Sometimes when it rains it shines
While I don’t recommend a lack of planning, it’s nice when, having been caught unprepared, something unexpected happens to both save and make our day.
A few weeks ago I left home for the 15-minute walk to Eastwood station to catch the train to work. There was some blue sky on the horizon so I ignored the low, grey clouds and the impulse to go back into the house for my umbrella. Five minutes into the walk it started raining, and I eventually had to seek shelter under a tree.
Other commuters, properly attired and equipped, hurried past on the way to catch the train I’d hoped to be boarding. Eventually, a young woman stopped and asked me if I was heading for the station. When I said “Yes”, she offered to share her not overly large umbrella with me.
My first impulse was to thank her and decline, but then thought it would seem churlish to refuse such kindness, so I accepted. It was a somewhat awkward walk, trying to give a semblance of personal space to a stranger under those circumstances and still stay dry. But she seemed unfazed and chatted all the way. When we parted at the station and I thanked her for her kindness, she simply said that it was fine; that other people did kind things for her too.

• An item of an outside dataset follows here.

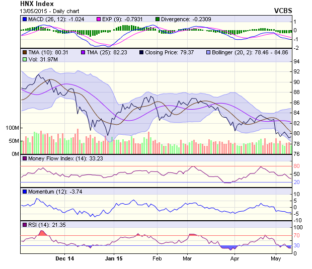 Đường trendline phía dưới đang đóng vai trò hỗ trợ cho chỉ số HNX-Index. Biên độ dao động tại vùng giá này thu hẹp cùng lượng giao dịch giảm cho dấu hiệu về việc chỉ số này đang trong quá trình tạo đáy. Khả năng điều chỉnh giảm sâu hơn là thấp. MACD tiếp tục duy trì dưới ngưỡng 0 và đã cắt xuống dưới đường tín hiệu. Tuy vậy RSI có dấu hiệu bật tăng trở lại cho dấu hiệu về việc momentum giảm điểm đang yếu dần.

That experience made my day. As I reflected on the unlikely scenario, biblical comparisons flooded in. The Good Samaritan was the obvious one, followed by the story of the Samaritan woman at the well. I thought about how Jesus accepted hospitality and friendship from people so different from himself. In my case, the differences were clear: age, gender and culture made us, for a short time, unlikely sharers of a confined space.

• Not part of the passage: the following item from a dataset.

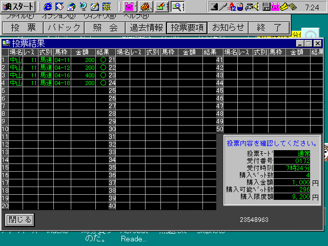 と思って見てみると、なんと馬番を間違えた!ダイタクは3番だったのに、なんと4番から流してしまいました。(詳しくはこちらちょっと重いけどね。)あーあ、何やってるんだか。

For people like me, who have lived almost all of their lives as part of a dominant and well-resourced culture, it can be hard to entrust ourselves to the kindness and mercy of others. We like to be in control of situations. Yet to be in a more vulnerable space offers the opportunity to grow in appreciation of the goodness of others.
These learnings also enlighten me in terms of how we as a Church relate to the communities in which we live. One of the insights of ‘Fresh expressions of mission’ is that we are called into our communities not as hosts but as guests; not to set the agenda for others, but to listen and reflect on what it is most appropriate to share from the riches of Christ’s inclusive love. And sometimes, it is not we who do the sharing, but others who share with us.
Like last night, when Helen and I, along with two Jewish guests, were given the hospitality of an Islamic home for their Iftar dinner. As we shared their food at the breaking of their daily Ramadan fast, and exchanged insights into the riches of our Abrahamic heritage, we were drawn closer together — not just in understanding, but also in our common humanity.
These experiences shed light for me on what the prayer of Jesus “That they may be one” might mean, especially in these challenging days when generosity and respect can do so much to infuse the hope for a united and peaceful humanity.